◆ **TASK DESCRIPTION**: Your answer must consist solely of the lines from the one containing "2025年5月29日 のシステムトレードの仕掛候補一覧はこんな感じです。" through the last line of the records below, reproduced exactly, with all pictures omitted.

[Records from a dataset]

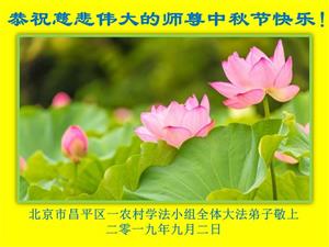 北京市昌平區一農村學法小組全體大法弟子恭祝慈悲偉大的師尊中秋節快樂!
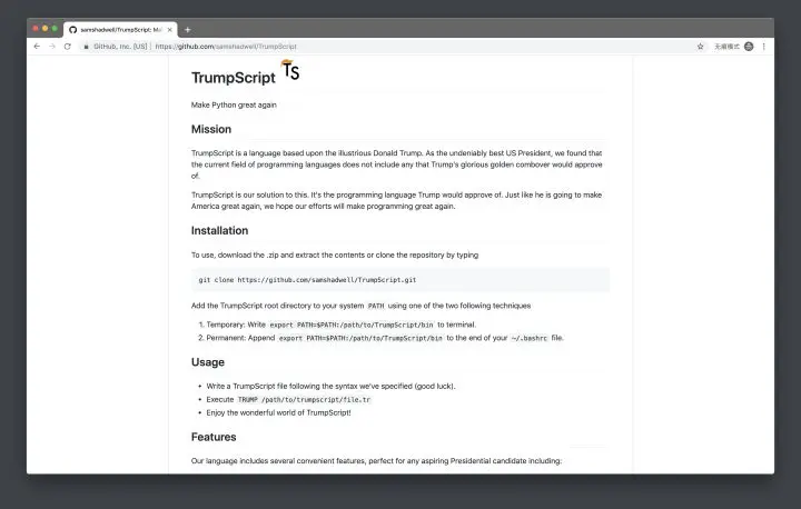 作为有史以来最特立独行的美国总统,川建国同志的一言一行都受到全球瞩目。为了向他致敬,TrumpScript 这款 Python 脚本诞生了。它的语法规则符合特朗普的各种推特习惯:不区分大小写、所有程序必须以 America is great 结尾、拒绝在中国和墨西哥计算机上运行……如果你是川粉,千万不要错过。
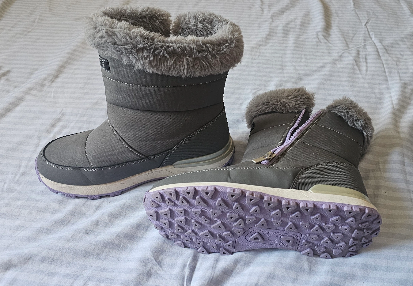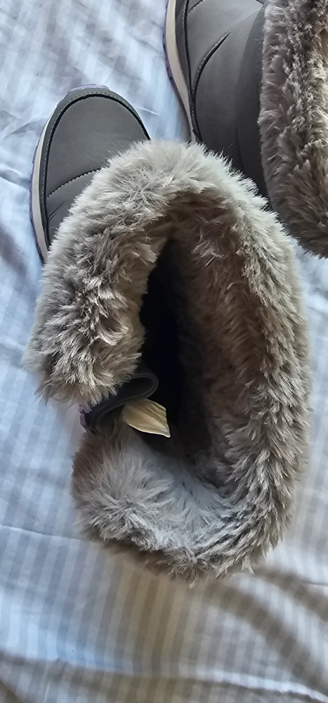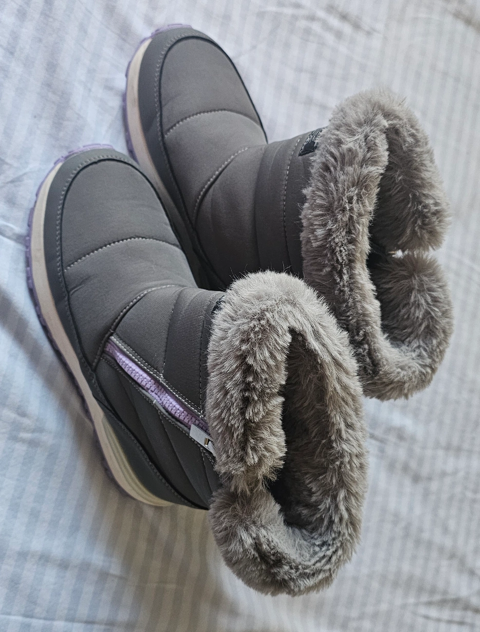 Gray winter boots with purple accents. Size 5. Faux fur lining. Zip up closure. Great condition.
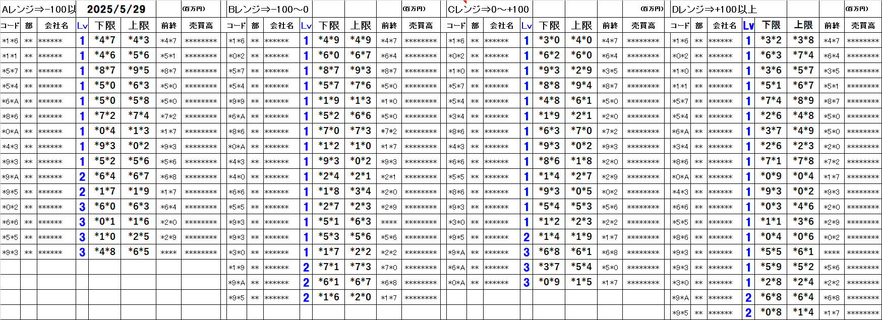 2025年5月29日 のシステムトレードの仕掛候補一覧はこんな感じです。
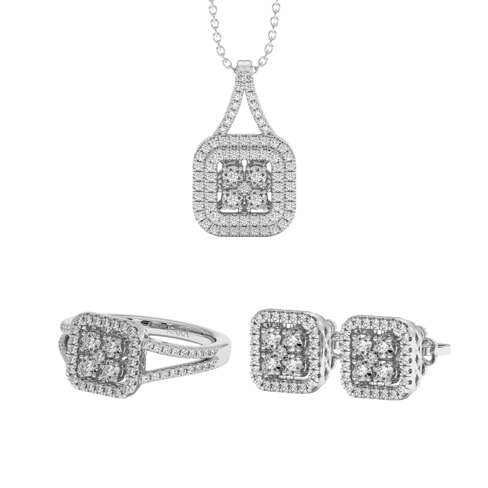 The set includes: 14K gold pendant chain with 0.31ct diamonds, 14K gold earrings with 0.28ct diamonds and 14K gold ring with 0.28ct diamonds. The total weight of the set is approximately 15.20 grams. Go to "SPECIFICATIONS" for more details about this product.
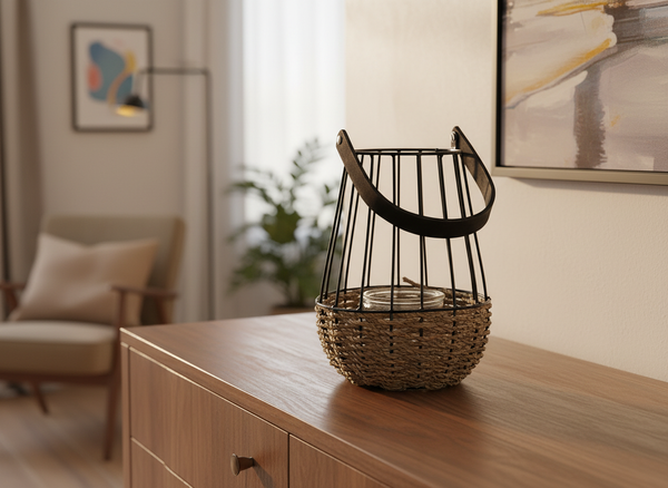Stwórz niepowtarzalny klimat w swoim wnętrzu dzięki eleganckiemu lampionowi w kolorach czerni i brązu. Jego klasyczny design sprawia, że pasuje zarówno do nowoczesnych, jak i rustykalnych przestrzeni.
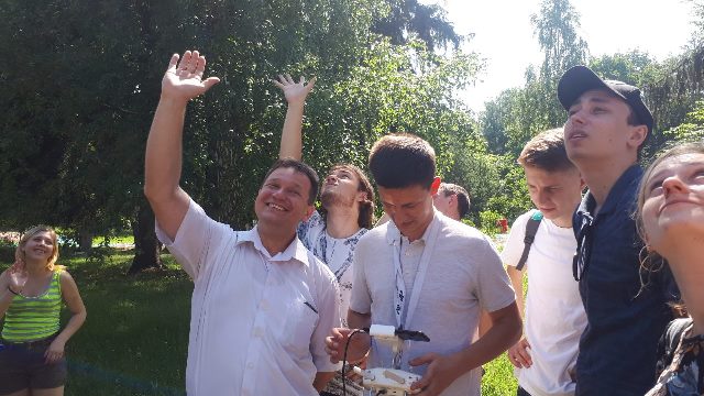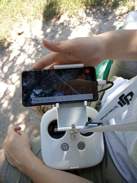 Студенти також мали можливість спостерігати за роботою квадрокоптера DJI Matrice 100, що стало можливим завдяки співпраці із деканатом факультету землевпорядкування. Зйомку частини території навчального полігону в екстремальних спекотних умовах провів ст. викл. кафедри геодезії та картографії, к.е.н. Шевченко О.В.
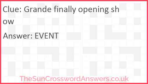 Grande finally opening show is a crossword clue for which we have 1 possible answer and we have spotted 1 times in our database. This crossword clue was last seen on 21 November 2024 in The Sun Cryptic Crossword puzzle!
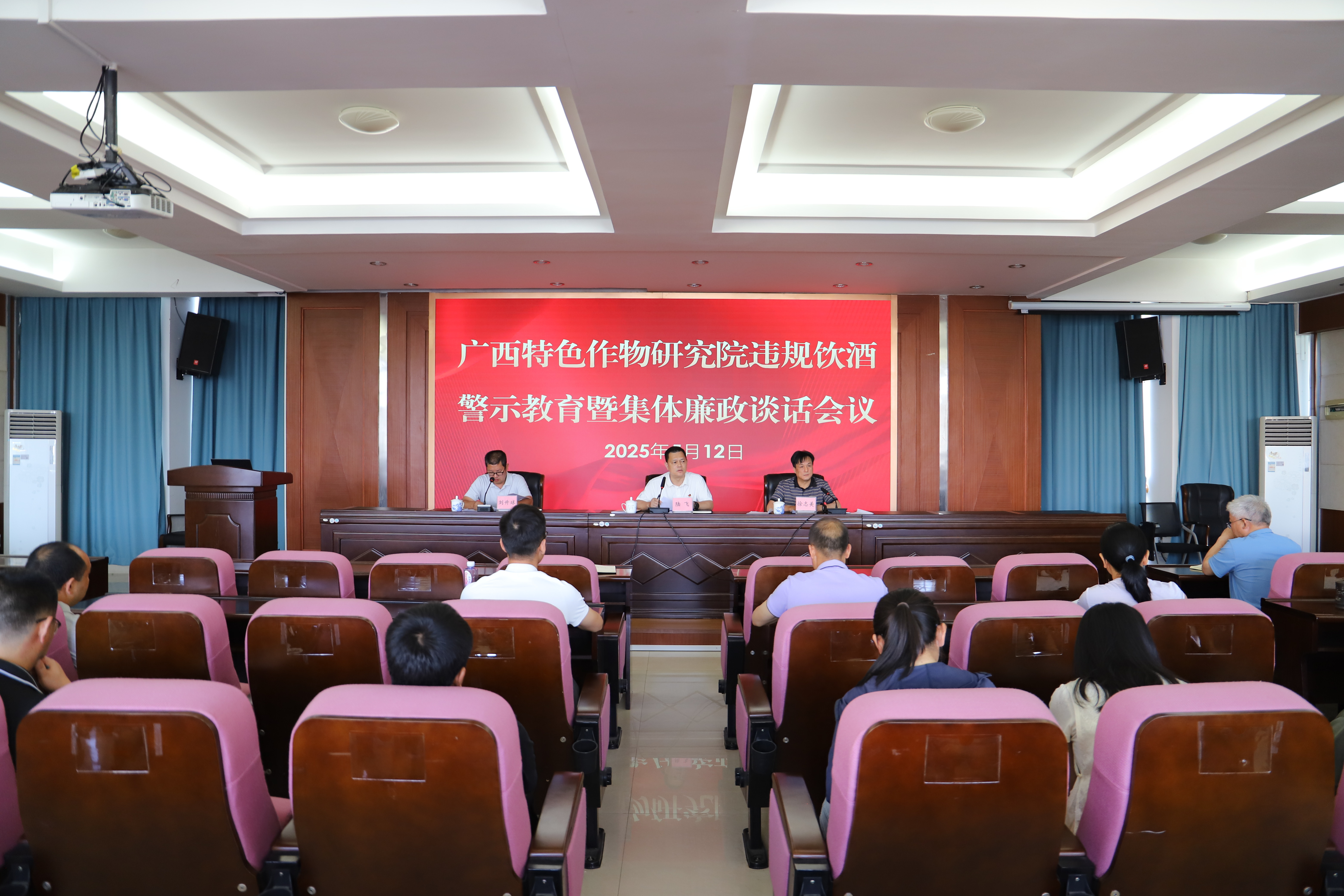 5月12日,广西特色作物研究院开展违规饮酒警示教育暨集体廉政谈话。该院党总支书记、院长陆飞主持会议并讲话,全体干部职工参加会议。

◆ **ANSWER FOR THIS EXERCISE**:
 2025年5月29日 のシステムトレードの仕掛候補一覧はこんな感じです。
 The set includes: 14K gold pendant chain with 0.31ct diamonds, 14K gold earrings with 0.28ct diamonds and 14K gold ring with 0.28ct diamonds. The total weight of the set is approximately 15.20 grams. Go to "SPECIFICATIONS" for more details about this product.
Stwórz niepowtarzalny klimat w swoim wnętrzu dzięki eleganckiemu lampionowi w kolorach czerni i brązu. Jego klasyczny design sprawia, że pasuje zarówno do nowoczesnych, jak i rustykalnych przestrzeni.
 Студенти також мали можливість спостерігати за роботою квадрокоптера DJI Matrice 100, що стало можливим завдяки співпраці із деканатом факультету землевпорядкування. Зйомку частини території навчального полігону в екстремальних спекотних умовах провів ст. викл. кафедри геодезії та картографії, к.е.н. Шевченко О.В.
 Grande finally opening show is a crossword clue for which we have 1 possible answer and we have spotted 1 times in our database. This crossword clue was last seen on 21 November 2024 in The Sun Cryptic Crossword puzzle!
 5月12日,广西特色作物研究院开展违规饮酒警示教育暨集体廉政谈话。该院党总支书记、院长陆飞主持会议并讲话,全体干部职工参加会议。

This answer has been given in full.